Geographic changes in density are a factor in the U.S. as more and more folks are moving to the Southeast wind-exposed areas. Every dollar of insurable value has a higher risk exposure on it now. The outcome was really back to Pat's original thesis of harnessing specialty distribution and specialty underwriting under the same banner to deliver specialty solutions across the retail, wholesale, and carrier environment. That is where the MGUs live, as a fully delegated outsource solution to underwriting capacity. Pat had the foresight to let us invest in this practice 15 years ago. One of RSUM's first employees was actually a Chief Actuary. That actually blossomed to a central underwriting team of over 60 actuaries, pricing actuaries, cap modelers, data scientists, a quality assurance team. Most recently, we've been empowered to hire three colleagues with advanced degrees in AI and process improvement.
The output of those hires and the platform that Ryan Specialty has built has been a scaled MGU platform that when it sits across from the carrier, it's speaking the exact same language. Rate, changes in frequency, changes in severity. We're actually able to provide data insights and action as faster, ideally faster than the carriers can enact themselves. Those same benefits that we bring, that same investment in the platform that's a benefit to the carrier has actually triggered us to be an employer of choice. Top talent has a world of options, right? A players can always hang up a shingle, go at their own. We have the benefit of offering them introductions to capital, distribution, technology to bring them to market faster with a higher degree of certainty. Those same tools have actually translated to becoming a clear acquirer of choice in the last 18 months.
Extremely proud of our M&A campaign. Helped us round out our capability sets in several key products that we had deep conviction to. Helped us double our international platform and build out our leadership and stewardship to continue to drive innovation and growth and acquisitions abroad. I'd want to transition that we think this investment is replicable and scalable, and it's actually accelerating in penetration and uptake across the industry. AM Best actually publicly released a study about six months ago where they interviewed a panel of carriers globally on their insights on delegated underwriting authority. 70% of them went out, excuse me, the first question is, do you anticipate an increase or decrease in the utilization of delegated authority in the next 12 months? An amazing 70% predicted an increase in the use of delegated authority to intermediaries. Probably what's even more profound, zero projected a decrease.
The next question was, do you see an increase in the relevance of delegated authority? 52% said yes. 0% predicted decline. The last, and this is actually the heart of the sales pitch that we've made for 15 years. The question of carriers is, what kind of utility do you hope to get by using an MGU? And in order, access to niche business, diversification of carrier core business, improved cost efficiency, speed to market, access to tech that carriers might not otherwise invest in themselves, and a swifter solutioning of emerging trends. We are glad that our message is now being played back to us so deeply in the marketplace. The U.S. commercial P&C market, when Ryan was founded, was only serviced about 8% or 9% through the delegated authority channel.
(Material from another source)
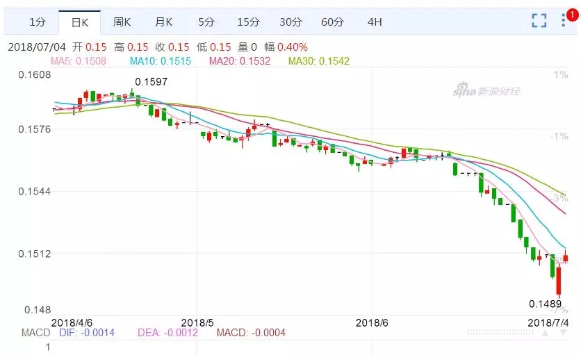 据相关媒体报道,截至2018年7月3日,仅仅75天时间,人民币兑美元汇率就从6.26贬值到6.72,累计贬值幅度超过7%,不但将去年四季度的升值部分全数抹去,并创下2017年8月8日以来的新低。7月4日,人民币有所提振,对美元汇率小升至6.62。

We've seen that at a sustained accelerated rate double in the last 15 years, and we see an increased uptake as we move forward. I appreciate the chance to be here. Part of this advantage before I transition, not only the platform, but we're measured on the results we're driving to these carriers, right? We have a clear fiduciary duty to the underwriting capital we represent. The success that we've delivered in the marketplace over time is actually generating new opportunity and accelerating pace. Carriers that have supported us on one or two lines that have had success are looking to join us on more. We've even seen a new trend where carriers are looking to participate across our entire portfolio, right? We have the benefit of being able to deliver expertise one product at a time.
Additionally, because of the breadth and depth of our 250 lines of business, we've actually created a portfolio that is creating a diversified, non-correlated, market-leading results with less volatility that carriers are actually looking to take on, seeing the transformation of the portfolio is essentially specialty insurance as an asset class now. That commitment of capital on our results is emboldening us and enabling us to continue to accelerate our growth going forward. Thank you for the time. Janice.
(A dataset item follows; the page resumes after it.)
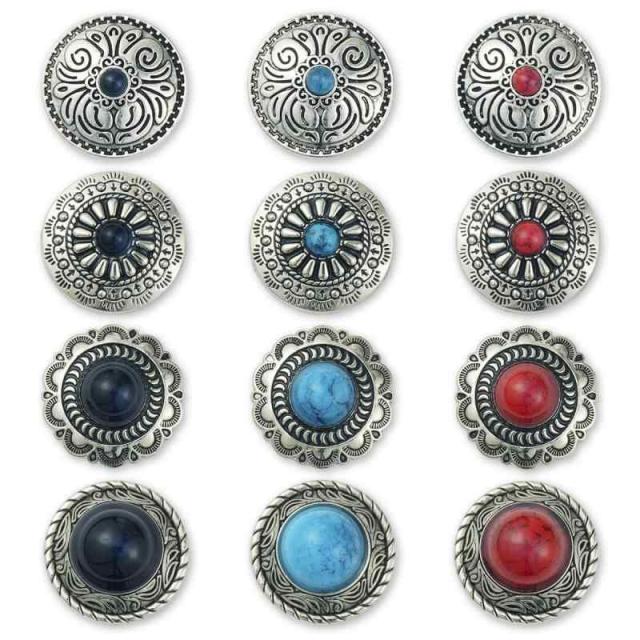 コンチョ ボタン 12個セット ターコイズ ネジ式 シルバー 25mm デージー 唐草 フラワー レザークラフト 財布 装飾ボタン

All right. Thank you, Miles. Good morning, everyone. I'm Janice Hamilton, and really appreciate everyone's interest today. I'm just going to quickly recap on what we've heard from my colleagues. Tim touched on the secular growth factors that impact our business, and Jeremiah talked about Ryan Specialty's ecosystem of excellence, and Miles outlined the delegated authority strategy. Adding to all of these aspects of our growth is our durable business model, and we see that for three main reasons. One is the resiliency of the E&S in the specialty market. The second is the compulsory nature of so many of our products. The third has been the investment that we've made in building a differentiated platform with specialized talent that Tim and Jeremiah both spoke a lot about. We've laid out a long-term strategy that both invests organically and through the execution of our M&A strategy.
We expect to deliver annual double-digit organic growth for the foreseeable future. For the full year, our annual guidance is 11%-13% organic growth, which we feel good about. We do think that Q2 is going to be a tough quarter for everyone. From the beginning of our planning process, we anticipated that Q2 would be the slowest growth quarter and is likely to fall outside of our annual guide range. We would not be surprised if you see that come next quarter. I referred to this in my remarks on our call last quarter, primarily because of the pressures that we have seen in the property market and the timing when rates began to decelerate last year in the third quarter. As we have said for a few years, one quarter does not make a trend.
Importantly, the vital signs of our business, like submission growth, new business wins, and retention still remain very strong. We feel good about our annual guidance range. We believe that the 11%-13% really provides an outstanding year for 2025. Turning to capital allocation, right now, M&A continues to be our top priority. Tim mentioned that we have a robust pipeline for M&A opportunities. We're pleased to have recently grown our dividend at a modest and sustainable level, and we're constantly assessing opportunities to maximize shareholder value through evaluating capital allocation. We have a strong free cash flow profile. We have high levels of recurring revenue, low CapEx needs, and low working capital needs. We also have had the advantage of a heavy variable pay-for-performance culture.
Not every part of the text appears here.